Bu lavuklar nimete gelince başköşeye oturlar. Hepsinin elinde son teknoloji ürünü telefonlar bulunur ve bu telefonlarla İngilizce menü üzerinden işlerini görürler. İnternete girip porno sitelerde cirit atarlar, uzakdoğuda 13-15 yaşındaki kız çocuklarına ilişmek için uçaklara binerler, televizyonların başından kalkmaz, lüks arabalara bir güzel kurulup, nevigasyonla varacakları adresi kolayca bulurlar. Oh ne ala ne hoş? Mümin kardeşimin faydalandığı dünya nimetlerinde gözümüz yok ama sormadan da edemiyor insan, peki muhterem mümin kardeşim kullandığın bu nimetlerin hangisi peygamber zamanında vardı? Haydi bundan da geçtik hangisini müslümanlar icat etti?
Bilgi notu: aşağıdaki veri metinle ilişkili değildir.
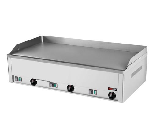 Grilovací plotna hladká FTH-90 E, je vybavena pracovní plochou, která je z teplovodné slitiny. Grilovací plotna je rozdělená na třetiny kde je každá regulovaná termostatem z rozsahem 50°C - 300°C.Velmi kvalitní grilovací plotna české výroby. Tato grilovací deska je vhodná do gastronomických provozů, které mají ve své nabídce grilovaná masa, ryby, ale i grilovanou zeleninu.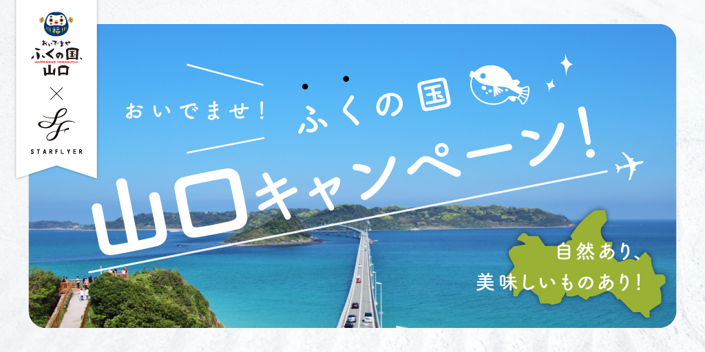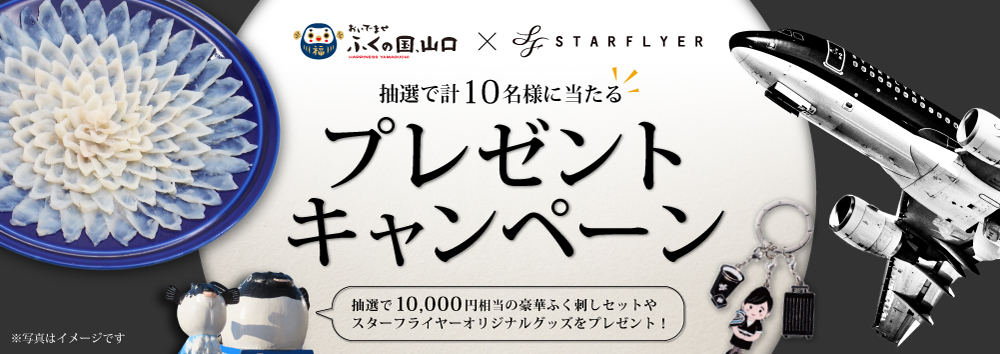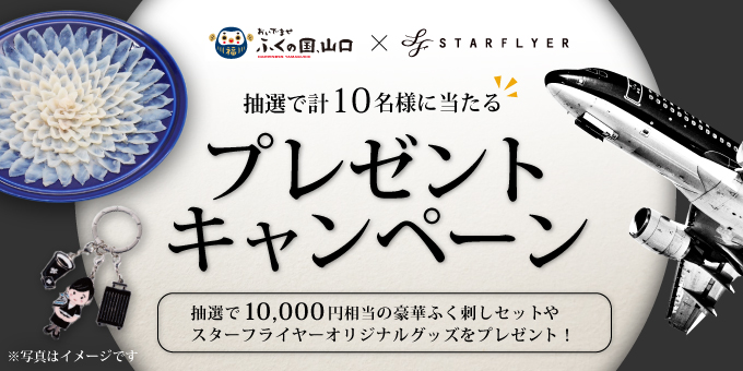 | キャンペーン内容 | ご応募いただいた方の中から抽選で計10名様に山口を代表する味覚「ふく」やスターフライヤーオリジナルグッズをプレゼントいたします。 【賞品内容】

Riyakarlık denen şeyin daniskasını bu sahte müminler yapıyorlar. İslamiyete göre riyakarlık Tanrıya eşkoşmakla aynı kapıya çıkmaktadır. Hani toplumda ibadette gizlidir, kabahatte diye bir söz vardırya bundan en çok muhterem mümin kardeşimiz yararlanır ama bu fayda sadece kabahati gizli işleme cihetindedir. İbadetini göstere göstere yapar. Daha namaz vakti gelmeden pantolonun paçalarını dizlerine kadar, kollarını omuzlarına kadar sıvar ki abdet alacağını herkesin gözüne sokarak farkettirebilsin. Yazık ki toplumda bu riyalar çok pirim yapıyor ve her bir melaneti yapan bu sahtekarlar toplumda kabul görüyor ve hatta kabul görmekle kalmayıp peşinden bile koşuluyor. Zaten toplumumuzda yaygın olarak kullanılan hocanın dediğini yap yaptığını yapma sözü de bu dediklerimi doğrular niteliktedir. Oysaki doğru iş yapmayan birinin sözü doğru olur mu? Hocanın dediğini yap yaptığını yapma mantalitesi ayinesi iştir kişinin lafına bakılmaz sözüyle taban tabana zıt değil mi?
Tanrı Türkü ve Türk yurtlarını korusun.